GOAL OF THE EXERCISE
Would you retype the entries from the first line to the line bearing "서암문에서 멀지 않은", both included, leaving out every picture?

EXERCISE INPUTS
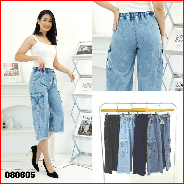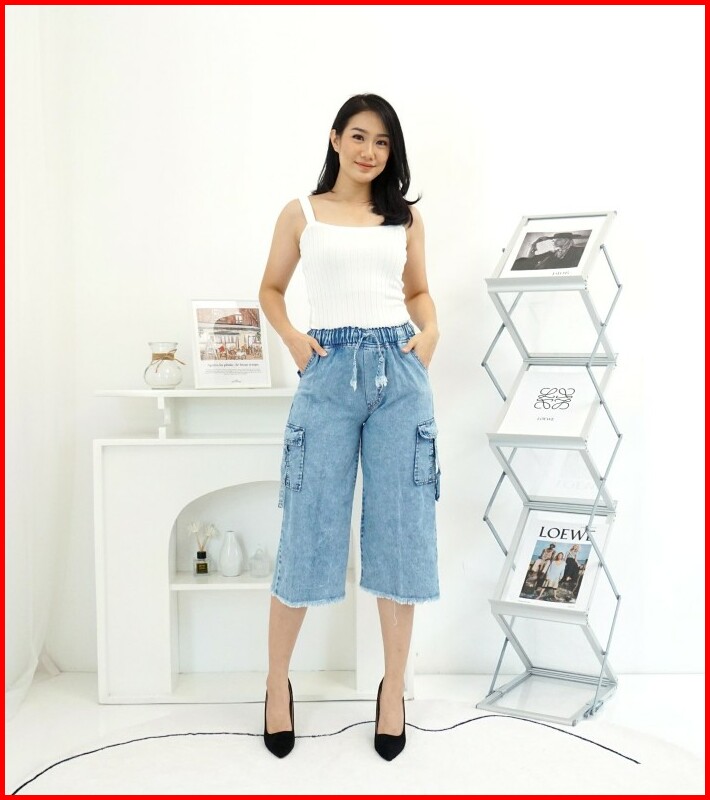 Celana 7 8 Kulot Wanita Cullote Cewek Jeans Cargo Short Denim Tanggung
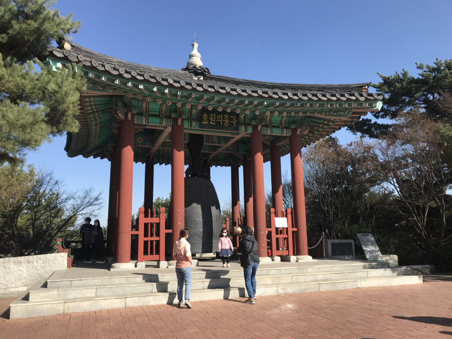 서암문에서 멀지 않은 곳에는 원래 성곽 구조물은 아니지만 '효원의 종'이라고 하는 종각이 있습니다. 아버지 사도세자를 생각하는 정조의 효를 기리기 위해 만들어진 종으로 시민의 의견을 모아서 붙인 이름이라고 하더군요. 총 3번 타종하는데, 한 번은 부모님의 은혜, 한 번은 가족의 행복, 마지막은 자기 자신을 위해 타종한다고 하네요. 타종을 할 수 있는지 어떤지 알지 못해서 그냥 지나쳤네요. ㅎㅎㅎ
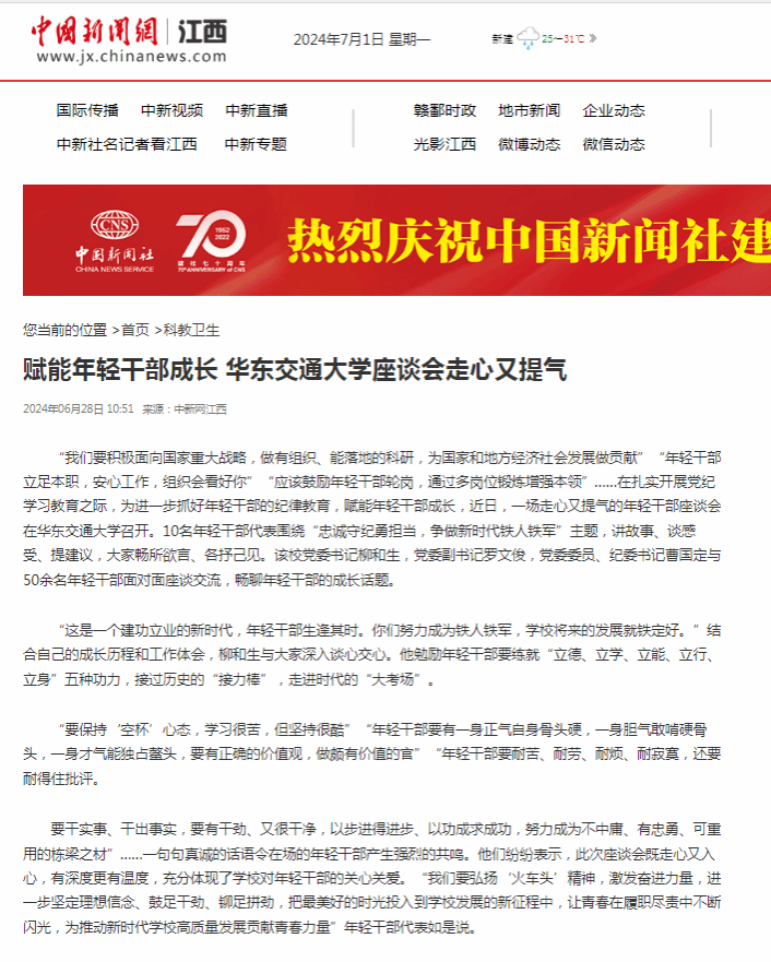 “我們要積極面向國家重大戰略,做有組織、能落地的科研,為國家和地方經濟社會發展做貢獻”“年輕干部立足本職,安心工作,組織會看好你”“應該鼓勵年輕干部輪崗,通過多崗位鍛煉增強本領”……在扎實開展黨紀學習教育之際,為進一步抓好年輕干部的紀律教育,賦能年輕干部成長,近日,一場走心又提氣的年輕干部座談會在華東交通大學召開。10名年輕干部代表圍繞“忠誠守紀勇擔當,爭做新時代鐵人鐵軍”主題,講故事、談感受、提建議,大家暢所欲言、各抒己見。該校黨委書記柳和生,黨委副書記羅文俊,黨委委員、紀委書記曹國定與50余名年輕干部面對面座談交流,暢聊年輕干部的成長話題。
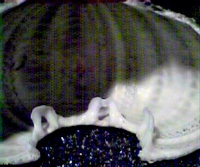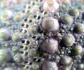 La forma rotonda nasconde a prima vista le differenze fra le parti della corazza; osservando con attenzione, però, si riconoscono le dieci doppie file di pori, che a due a due delimitano le cinque aree ambulacrali, e le cinque fasce interabulacrali, interposte alle prime, che portano solo le protuberanze di base per gli aculei. A sinistra, un dettaglio della superficie. Si nota la disposizione dei pori, su ogni coppia dei quali è innestato un pedicello; si vedono inoltre le protuberanze che reggono gli aculei, con l'estremità arrotondata che rende snodato il collegamento. Gli aculei si possono qui distinguere in primari, più grossi e disposti in linea, e secondari, distribuiti in modo meno preciso intorno ai primi.
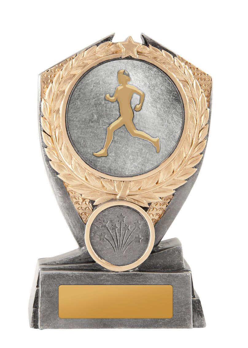 This silver and gold resin life saving trophy features a raised runner figure framed by a detailed laurel wreath and star accent. With a textured silver backdrop and gold trim, itÂ’s a stylish choice for all awards.
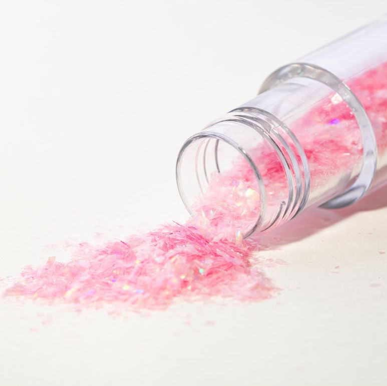 Rosa ätbara glitterflingor, redo att strös över tårtor, choklad och bakverk för en glittrig effekt.
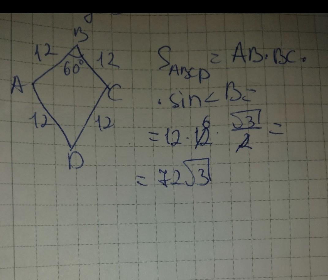 Сторона ромба равна 12 см, а угол между сторонами равен 60°(острый угол ромба). Найти высоту, обе диагонали и площадь ромба.
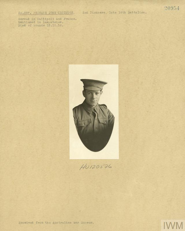 Private John Crichton 287. Unit: 18th Battalion, attached to 2nd Pioneers, Australian Imperial Force. Death: 12 December 1916 Died of wounds Western Front
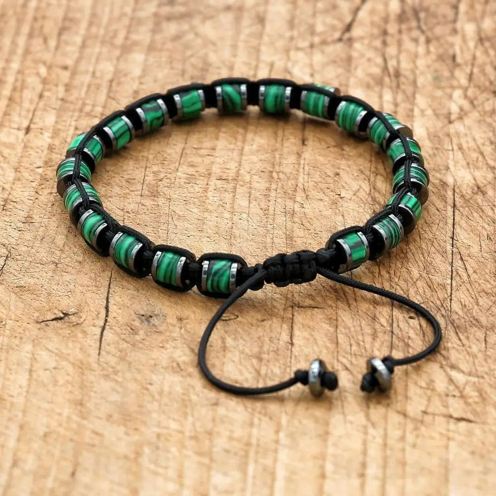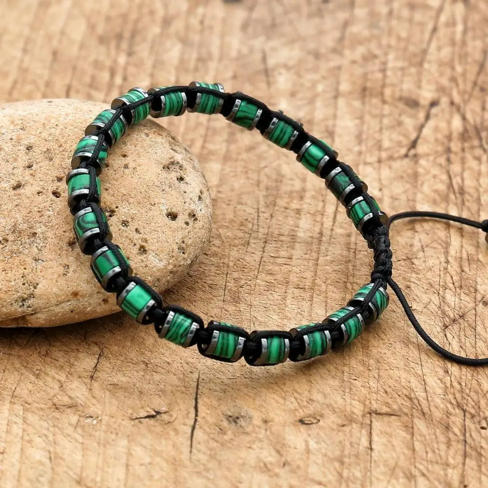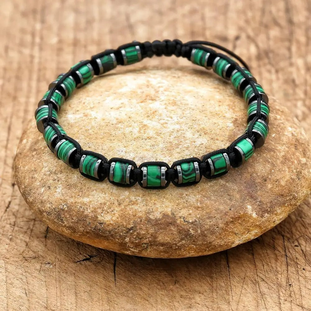 Porter un bracelet malachite, c’est faire le choix d’un bijou vivant, façonné avec patience. Ce bracelet malachite tissé à la main révèle toute la richesse de la pierre striée, mêlée au noir profond du tressage artisanal. Chaque pièce est une alliance rare de matière naturelle et de geste humain.
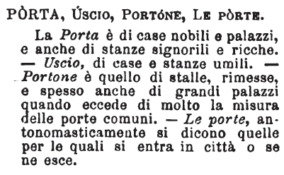 | Porta, Uscio, Portone, Le porte - La Porta è di case nobili e palazzi, e anche di stanze signorili e ricche. - Uscio, di case e stanze umili. - Portone è quello di stalle, rimesse, e spesso anche di grandi palazzi quando eccede di molto la misura delle porte comuni. - Le porte, antonomasticamente si dicono quelle per le quali si entra in città o se ne esce. [immagine] |
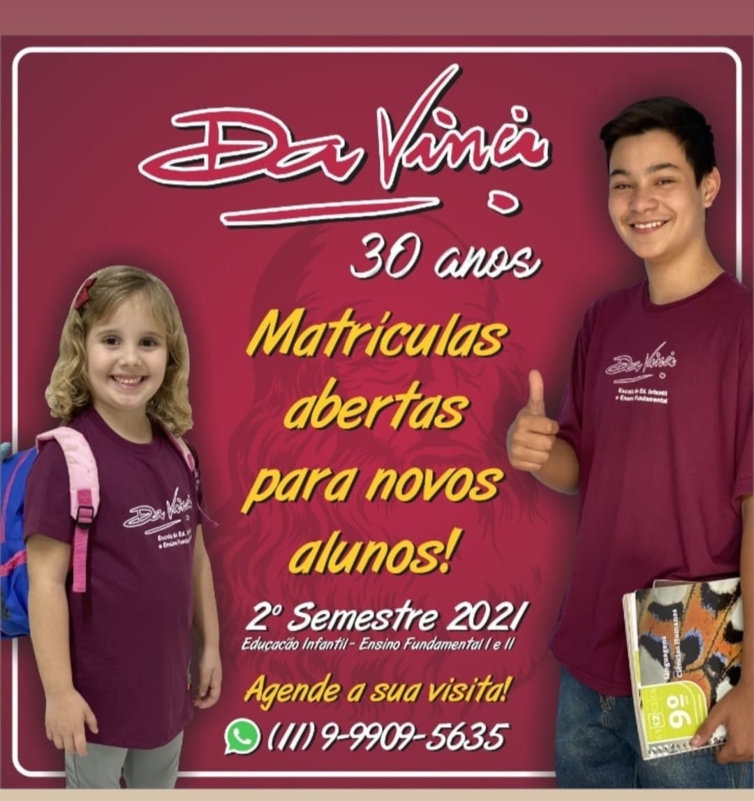 Escola Da Vinci – Trinta anos de tradição em Itatiba agosto 1, 2021agosto 30, 2021admin A Escola Da Vinci está com Matrículas abertas para o segundo semestre 2021! Agende sua visita – 11 – 9 99095635 Ficaremos muito felizes em recebê-los !
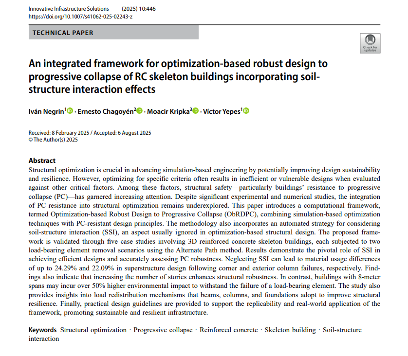 – Optimización paramétrica de muros de contención (Yepes et al., 2008). – Optimización del tamaño y la disposición de las estructuras de acero (Bresolin et al., 2022). – Minimización de costes e impacto ambiental (CO₂) en el hormigón armado (Santoro y Kripka, 2020; Medeiros y Kripka, 2014). – Diseño de estructuras marinas bajo incertidumbre (Toğan, 2012). |
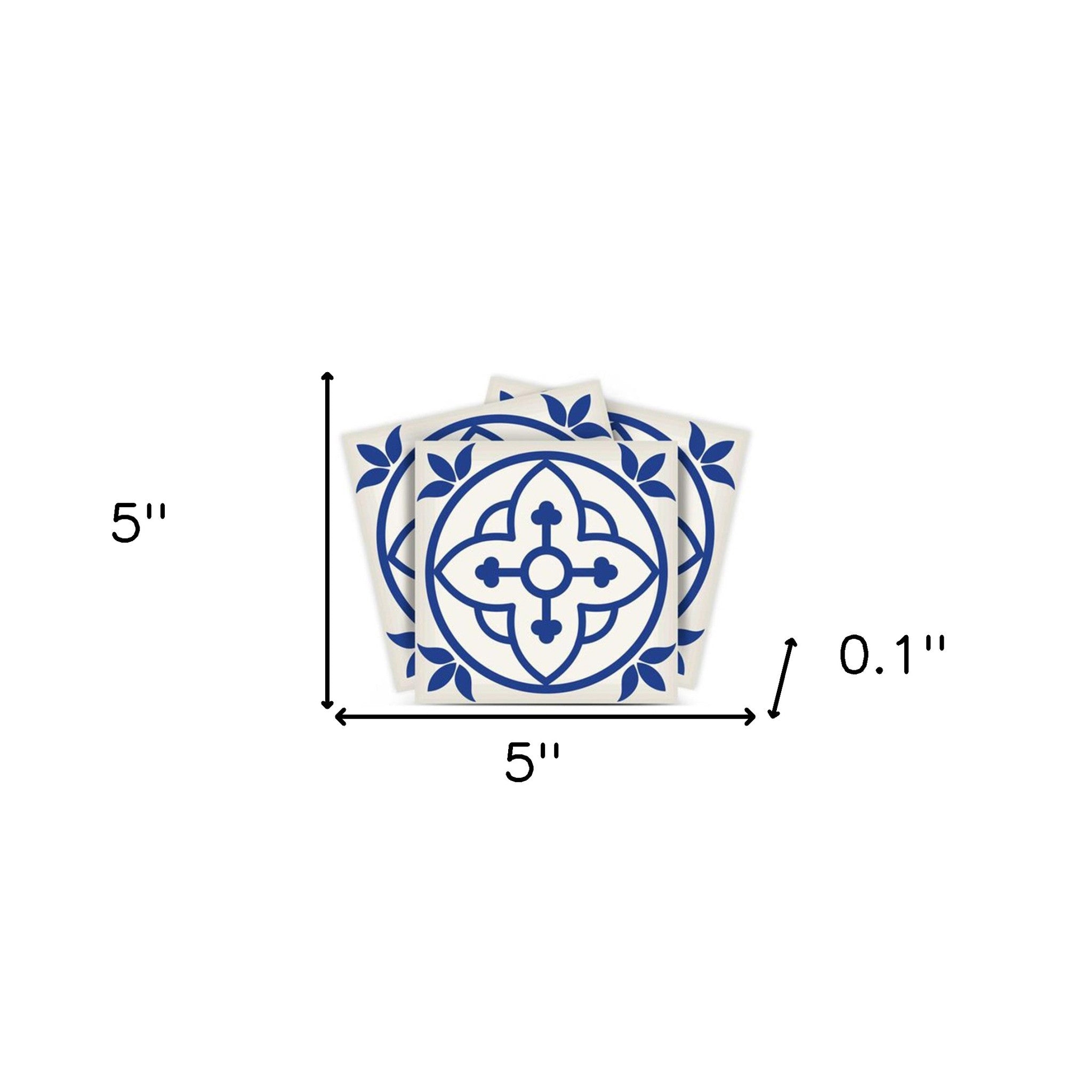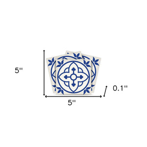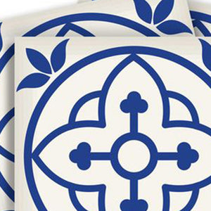 5" X 5" Tulipa Blue and White Peel and Stick Removable Tiles

ANSWER FOR THIS EXERCISE
 Celana 7 8 Kulot Wanita Cullote Cewek Jeans Cargo Short Denim Tanggung
 서암문에서 멀지 않은 곳에는 원래 성곽 구조물은 아니지만 '효원의 종'이라고 하는 종각이 있습니다. 아버지 사도세자를 생각하는 정조의 효를 기리기 위해 만들어진 종으로 시민의 의견을 모아서 붙인 이름이라고 하더군요. 총 3번 타종하는데, 한 번은 부모님의 은혜, 한 번은 가족의 행복, 마지막은 자기 자신을 위해 타종한다고 하네요. 타종을 할 수 있는지 어떤지 알지 못해서 그냥 지나쳤네요. ㅎㅎㅎ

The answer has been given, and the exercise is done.